The above is the detailed content of Let's talk about numa architecture on Linux (detailed explanation with pictures and text). For more information, please follow other related articles on the PHP Chinese website!

Statement of this Website
The content of this article is voluntarily contributed by netizens, and the copyright belongs to the original author. This site does not assume corresponding legal responsibility. If you find any content suspected of plagiarism or infringement, please contact admin@php.cn

Hot AI Tools

Undresser.AI Undress

Undresser.AI Undress

AI-powered app for creating realistic nude photos

AI Clothes Remover

AI Clothes Remover

Online AI tool for removing clothes from photos.

Undress AI Tool

Undress AI Tool

Undress images for free

Clothoff.io

Clothoff.io

AI clothes remover

AI Hentai Generator

AI Hentai Generator

Generate AI Hentai for free.

Hot Article

R.E.P.O. Energy Crystals Explained and What They Do (Yellow Crystal)
4 weeks ago By 尊渡假赌尊渡假赌尊渡假赌
R.E.P.O. Best Graphic Settings
4 weeks ago By 尊渡假赌尊渡假赌尊渡假赌
R.E.P.O. How to Fix Audio if You Can't Hear Anyone
4 weeks ago By 尊渡假赌尊渡假赌尊渡假赌
WWE 2K25: How To Unlock Everything In MyRise
1 months ago By 尊渡假赌尊渡假赌尊渡假赌

Hot Tools

Notepad++7.3.1

Notepad++7.3.1

Easy-to-use and free code editor

SublimeText3 Chinese version

SublimeText3 Chinese version

Chinese version, very easy to use

Zend Studio 13.0.1

Zend Studio 13.0.1

Powerful PHP integrated development environment

Dreamweaver CS6

Dreamweaver CS6

Visual web development tools

SublimeText3 Mac version

SublimeText3 Mac version

God-level code editing software (SublimeText3)
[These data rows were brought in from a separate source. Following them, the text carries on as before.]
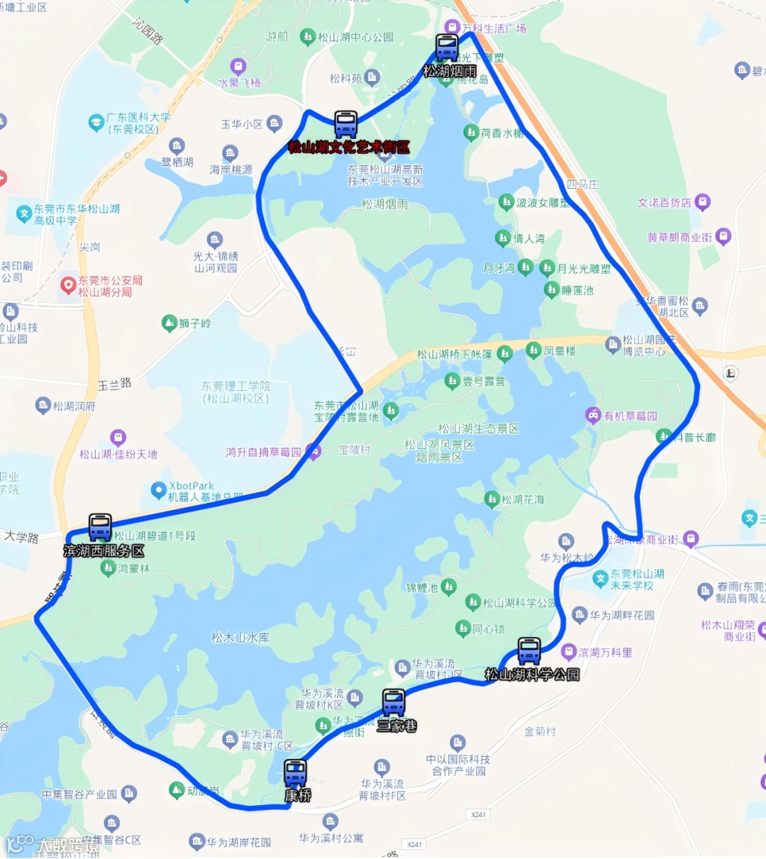 松山湖文化艺术街区—松湖烟雨—松山湖科学公园—三家巷—康桥—滨湖西服务区—松山湖文化艺术街区
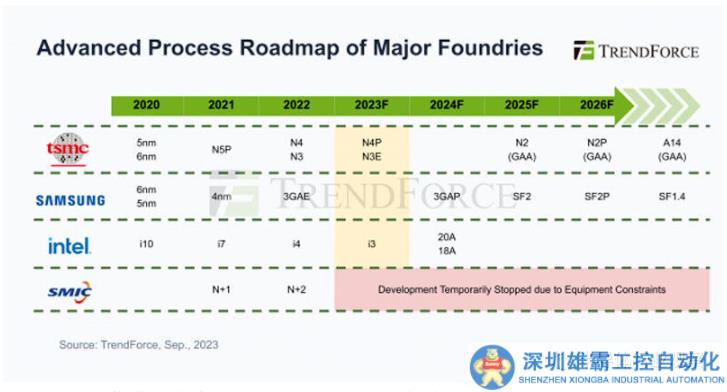 臺(tái)積電、三星、英特爾中芯國(guó)際的芯片制程發(fā)展線
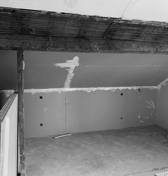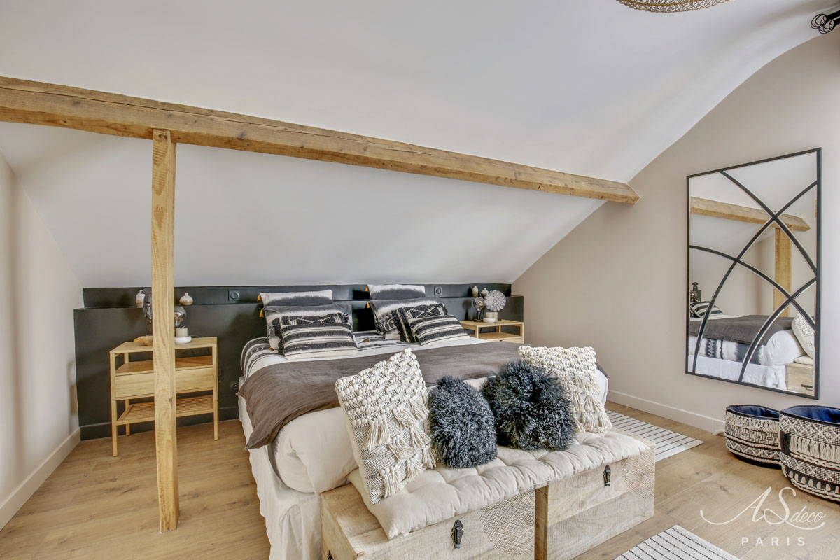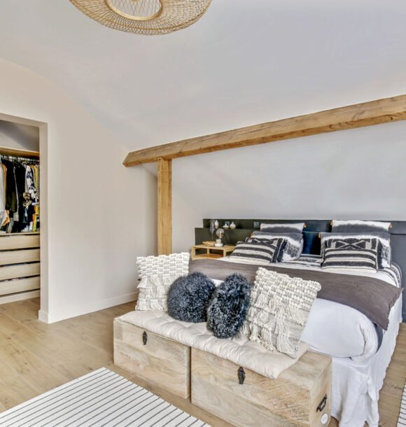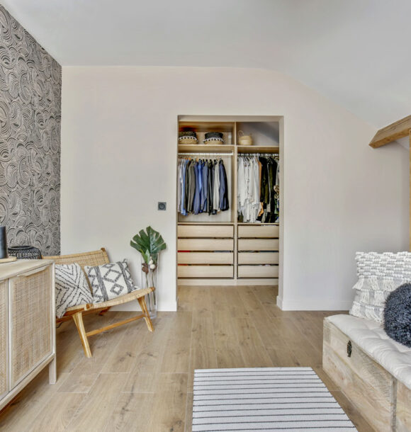 Dans cette chambre, tout était à imaginer. En effet, les combles n’étaient pas exploités et la chambre était trop petite pour y intégrer le lit que possédaient nos clients et un espace dressing digne de ce nom. Nous avons donc récupéré une partie de la salle de bain attenante pour y créer l’espace dressing et avons positionné le lit sous les combles. La chambre est dorénavant plus spacieuse.

What is Linux actually good for? What is Linux actually good for? Apr 12, 2025 am 12:20 AM

Linux is suitable for servers, development environments, and embedded systems. 1. As a server operating system, Linux is stable and efficient, and is often used to deploy high-concurrency applications. 2. As a development environment, Linux provides efficient command line tools and package management systems to improve development efficiency. 3. In embedded systems, Linux is lightweight and customizable, suitable for environments with limited resources.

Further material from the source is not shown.